*** Opening Data excerpts ***

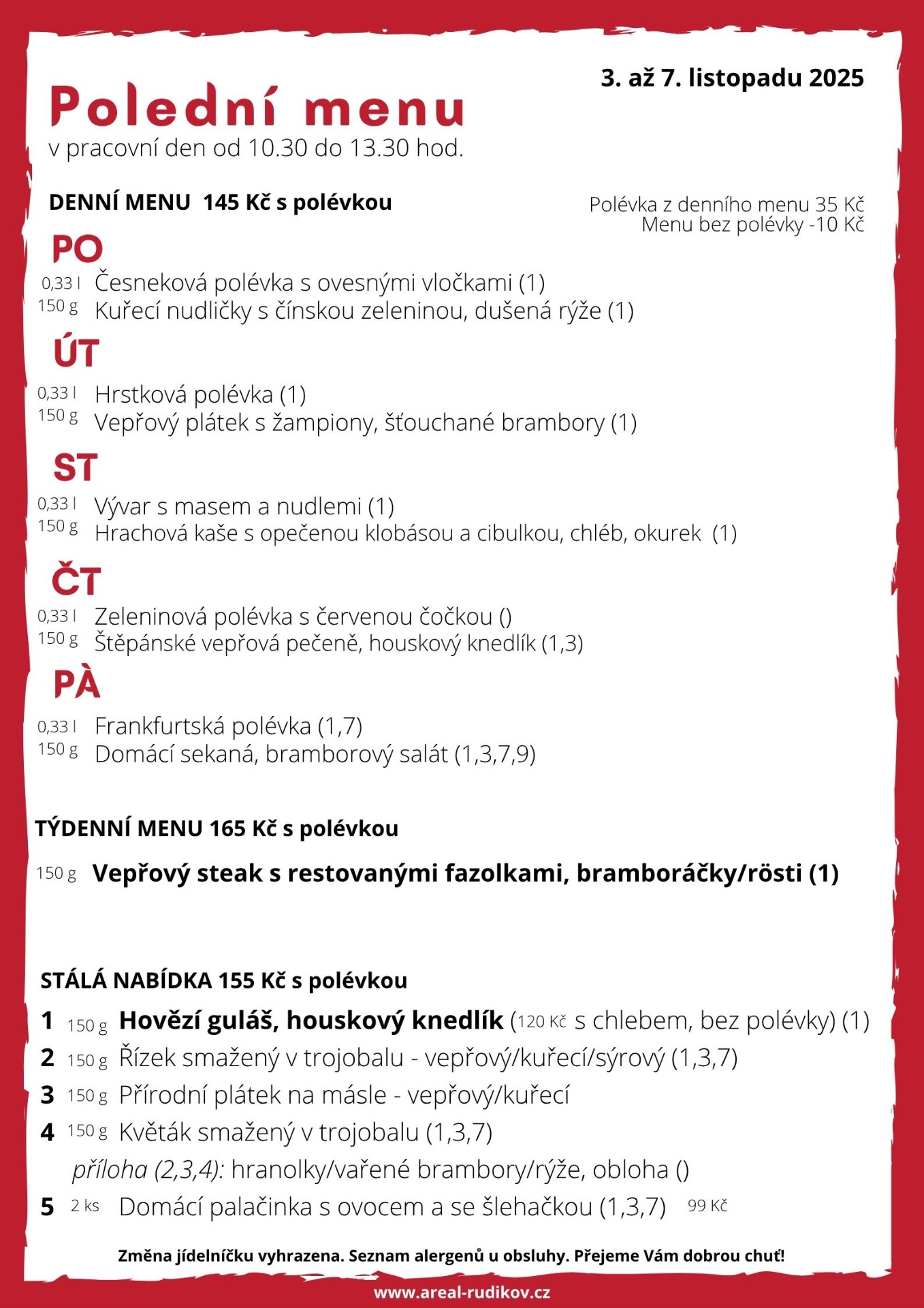 ... menu, čerstvé bagety, párek v rohlíku, ke kávě třeba zákusek ...
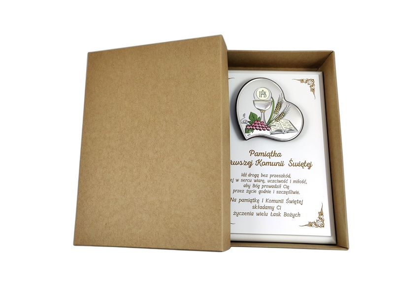 Prezentowana pamiątka to doskonały prezent na pamiątkę przyjęcia I Komunii Świętej.
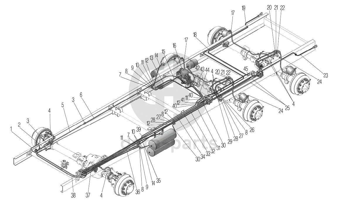 Трубопроводы и шланги пневматического привода рабочих тормозов
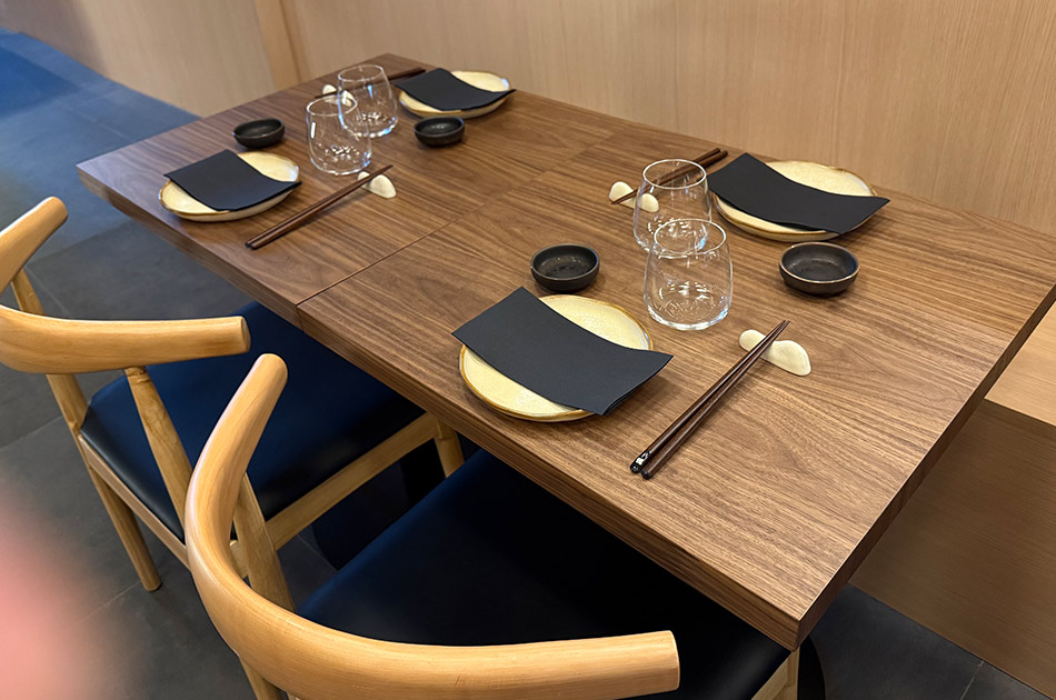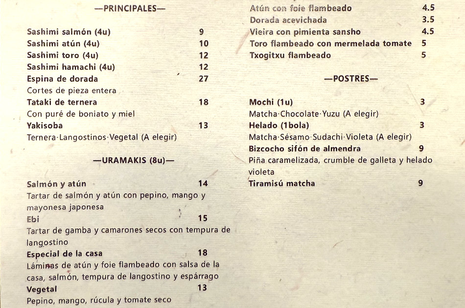 Este nuevo restaurante japonés, que acaba de abrir por Tribunal, no busca impresionar con su local, sino con las delicias niponas que van llegando a la mesa: cangrejo de concha blanda frito (sabrosísimo), carpaccio de hamachi (el corte, finísimo, se te deshace en la boca), nigiri de salmón (con un puntito cítrico), handroll de atún (picantito y jugoso) y uramaki con foie y espárragos (una delicia). Vamos, que nos pusimos las getas. Desliza las flechas para ver la carta completa.
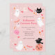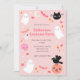 Inbjudan gäster till din halloweendräkt party med den här söta inbjudan. Utformningen har pumpor, svart katt, sött spöke och dubbelfärgade gnistor och andra tecken på säsongen allt i en vänlig rosa. Anpassa med din egen namn & party-information!
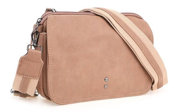 Op zoek naar een klein, maar fijn tasje voor je dagelijkse avonturen? Dit tasje is de perfecte match! Met een flap die sluit met een drukmagneet en twee ruime ritsvakken aan de bovenkant, biedt dit stijlvolle tasje genoeg ruimte voor je telefoon, pasjes en andere essentials.
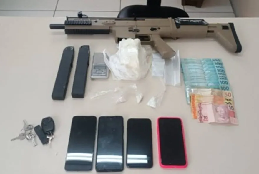 Uma apreensão significativa de carabina, drogas e dinheiro ocorreu após um ponto de tráfico ser revelado por um homem preso na Bahia. O suspeito foi flagrado com porções de entorpecentes, o que levou os policiais a um imóvel em Serrinha, situada a cerca de 70 km de Feira de Santana. No local, os agentes do 16º Batalhão (BPM) encontraram uma série de materiais ilícitos, incluindo uma carabina, drogas, embalagens para entorpecentes, um caderno de anotações, uma balança de precisão e R$ 1 mil reais em espécie.

*** Closing Data excerpts ***

* Work to complete:
Give back each line above verbatim, dropping every picture.

* Task result:
 ... menu, čerstvé bagety, párek v rohlíku, ke kávě třeba zákusek ...
 Prezentowana pamiątka to doskonały prezent na pamiątkę przyjęcia I Komunii Świętej.
 Трубопроводы и шланги пневматического привода рабочих тормозов
 Este nuevo restaurante japonés, que acaba de abrir por Tribunal, no busca impresionar con su local, sino con las delicias niponas que van llegando a la mesa: cangrejo de concha blanda frito (sabrosísimo), carpaccio de hamachi (el corte, finísimo, se te deshace en la boca), nigiri de salmón (con un puntito cítrico), handroll de atún (picantito y jugoso) y uramaki con foie y espárragos (una delicia). Vamos, que nos pusimos las getas. Desliza las flechas para ver la carta completa.
 Inbjudan gäster till din halloweendräkt party med den här söta inbjudan. Utformningen har pumpor, svart katt, sött spöke och dubbelfärgade gnistor och andra tecken på säsongen allt i en vänlig rosa. Anpassa med din egen namn & party-information!
 Op zoek naar een klein, maar fijn tasje voor je dagelijkse avonturen? Dit tasje is de perfecte match! Met een flap die sluit met een drukmagneet en twee ruime ritsvakken aan de bovenkant, biedt dit stijlvolle tasje genoeg ruimte voor je telefoon, pasjes en andere essentials.
 Uma apreensão significativa de carabina, drogas e dinheiro ocorreu após um ponto de tráfico ser revelado por um homem preso na Bahia. O suspeito foi flagrado com porções de entorpecentes, o que levou os policiais a um imóvel em Serrinha, situada a cerca de 70 km de Feira de Santana. No local, os agentes do 16º Batalhão (BPM) encontraram uma série de materiais ilícitos, incluindo uma carabina, drogas, embalagens para entorpecentes, um caderno de anotações, uma balança de precisão e R$ 1 mil reais em espécie.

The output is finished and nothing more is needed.